While all this development has been going on, we've also been trying to tackle an odd issue with Apple's "Find my iPhone" service. We've got customers using this service with no problem, but it just doesn't seem to be working on one of our customer's networks. The odd thing is that we can see regular requests to gs-loc.apple.com from the "locationd" service on these devices, and they seem to be succeeding just fine. But whilst Find my iPhone says the devices are online, it says it has no location for them. Its quite frustrating, and of course Apple don't provide any information on their protocols, so debugging the issue is a case of reverse engineering it all. So that's another one to investigate some more tomorrow.

Tuesday, 10 September 2013

Auto-updates

As mentioned in the previous post, we currently use a system built on top of SubVersion to deliver updates to the filtering criteria to clients every night. This is being replaced by a PostgreSQL backed system. We have quite a lot of criteria that the filters use to classify content, so it isn't sensible for all the clients to download the whole lot every night. Instead, we produce deltas - each update is tagged with a revision number and when a client wants new data it tells us what revision its already got and the server just sends the changes. Today I've been trying to figure out the best way to generate deltas from the new database tables.
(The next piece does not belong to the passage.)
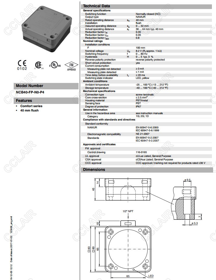 NCB40-FP-N0-P4,感應式傳感器
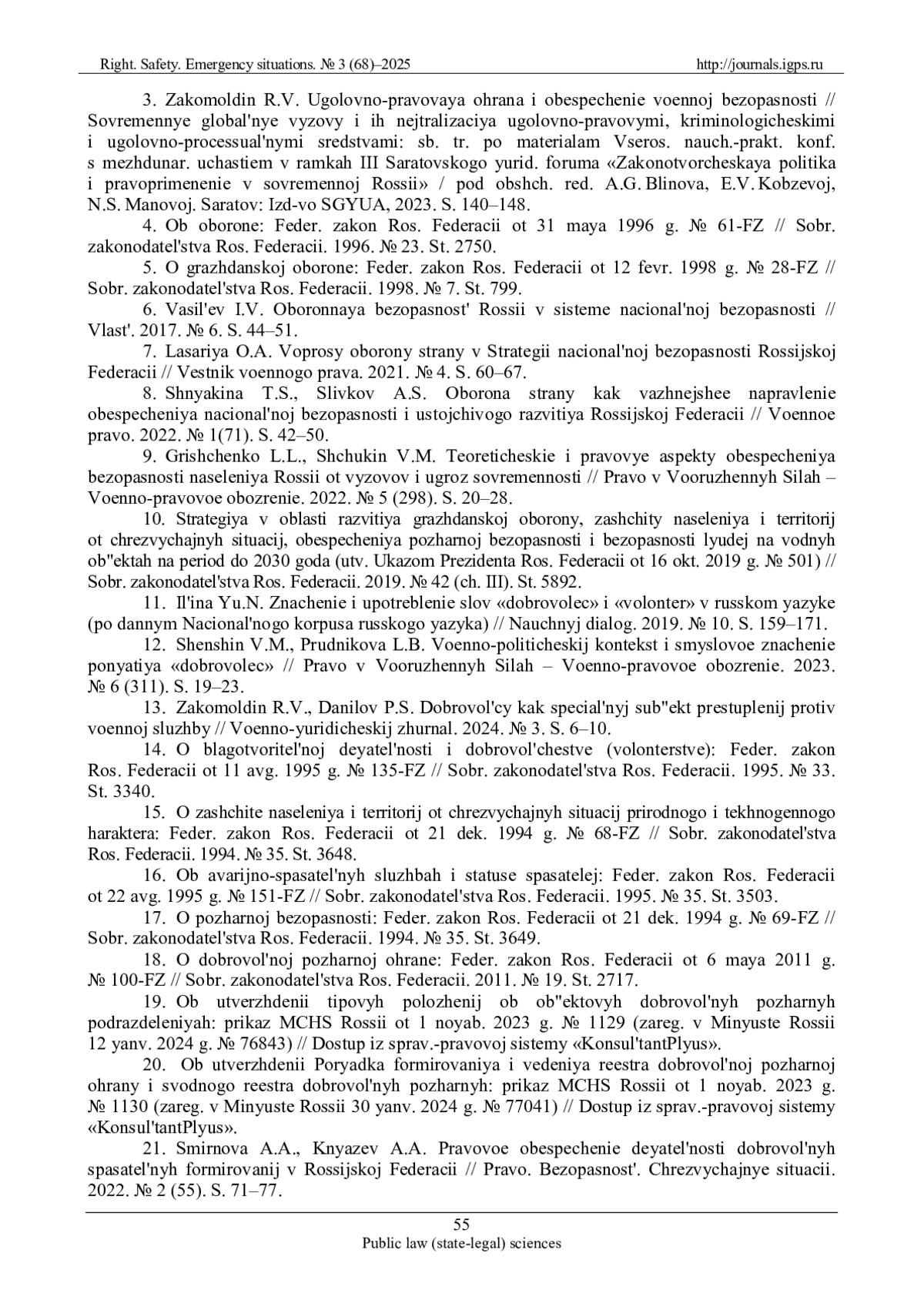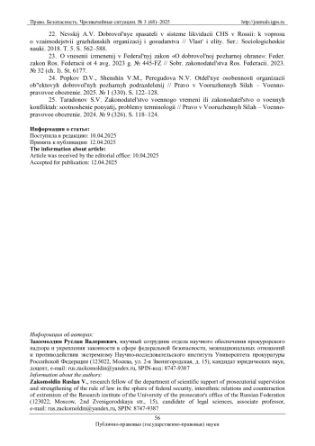 21. Смирнова А.А., Князев А.А. Правовое обеспечение деятельности добровольных спасательных формирований в Российской Федерации // Право. Безопасность. Чрезвычайные ситуации. 2022. № 2 (55). С. 71-77. EDN: WDOVPC

Initially I set about trying to build SQL that would automatically generate a list of additions and deletions between any two revisions. However, this became unreasonably complex: we produce some of the filtering criteria in-house, and bolster them with data from some third parties. Internally, we have to keep the data from all these sources separate so that we can apply updates to them, but it all gets consolidated for the clients. The various sources can give us duplicate data, and ensuring the deltas behaved sensibly in the face of the duplicates was problematic.

So my second method to try involved running SQL queries to build tables of the "old" data and the "new" data, and then join them together in such a way as to produce the delta. This did work for small amounts of data, but once I loaded all of our standard filtering criteria into the database it ground to a halt and an analysis of how the database was handling the query suggested it was unfixable, so another idea was needed.

In the end, I've used two completely separate SQL queries - one to generate the "old" data and one to generate the "new" data. These are sorted by ID and then the PHP code loops through the two tables in parallel, comparing the IDs to see where records have been removed and added. Although I was hesitant to shift so much data between PostgreSQL and PHP, it does actually seem to work well. I suspect I could write some plpgsql code to do the same job on the PostgreSQL side, but honestly I don't think its necessary with the performance I've seen so far.

Now, the filtering criteria are bundled up into a gzipped xml file, which makes an initial "from-clean" download of around 8MB (obviously the deltas thereafter are much smaller). This is a lot better than the 40-odd MB download the old system does on a fresh install!

Next job is to add some extra types of data that we have to auto-update, which should be relatively trivial since I can just reuse the library code I've now written. Then I need to build client-side updater system to interface with all this. Once all that's done, I'll have our full filtering database on my test machine and can really start to test out the new web filter code to make sure its stable.